I also remember when my brother-in-law Brian Kirkman went through the eldership process.  Brian, known to me as one of the most faithful, loving, gracious, godly men I know, and yet I believed your lies and how you characterized him.  He was unjustly removed and the way the Kirkman family was treated foreshadowed the shunnings that would occur with the Petry’s, the Meyer’s, and others. I have since gone to Brian and Liz to confess my complicity in how they were treated. It was so incredibly unjust.

My other two brothers-in-law would become elders as well, though both have since left.
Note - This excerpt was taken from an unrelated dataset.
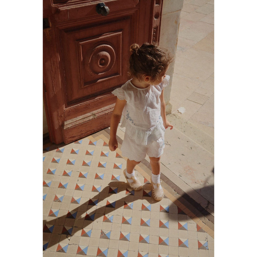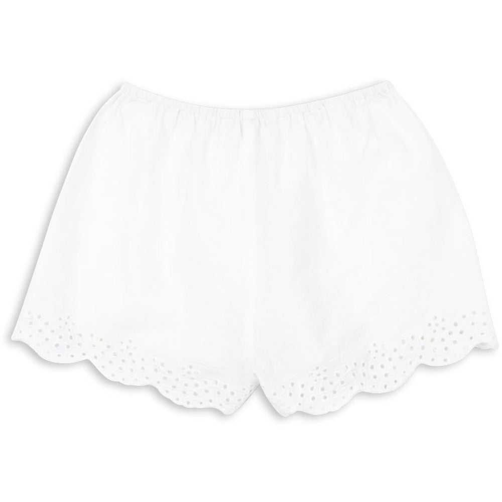 Discover the charm and comfort of the Konges Sløjd Optic White RHW X KS Fiori Shorts, perfect for your little one's summer adventures. These airy shorts are crafted from 100% organic cotton poplin, featuring exquisite broderie anglaise detailing along the hems for a touch of elegance. The soft elastic waistband ensures a snug and comfortable fit, while the GOTS certification assures you of high environmental and social standards. Ideal for both play dates and family outings, these shorts promise both style and ease of wear, making them a must-have in any child's wardrobe.

My sisters all led worship at MH, and were involved in various ministries as well.The degree to which my family was involved with Mars Hill cannot be overstated.

They all fully bought in as well.

Soon I began traveling the nation with you, speaking at various conferences, seminars and events.  It was such an honor.   We became involved on the ground-floor of this new movement that was shaping the landscape of evangelical Christianity. We were on the board of Young Leader network together. We were on the Terra Nova project together. We were working with some pretty amazing people.  These were the early days when there was talk of the postmodern era, and the Emergent church started “emerging” and New Calvinism had yet to emerge as a thing.  It was heady stuff.  It was also dangerous, as some of it started wandering far from historical orthodox Christian belief and practice.

But then I listened as you slandered and maligned the men and women we worked with behind their backs -who though we didn’t agree with some of them theologically- were wonderful people, and never deserved to be spoken of, or treated the way you did.  People who I know would have considered you a friend and have no idea how you really felt about them.  I have personally tried to go back and apologize to people who were “kicked to the curb”, along the way, and yes, I do feel I was complicit to your actions; guilty by way of association and being silent.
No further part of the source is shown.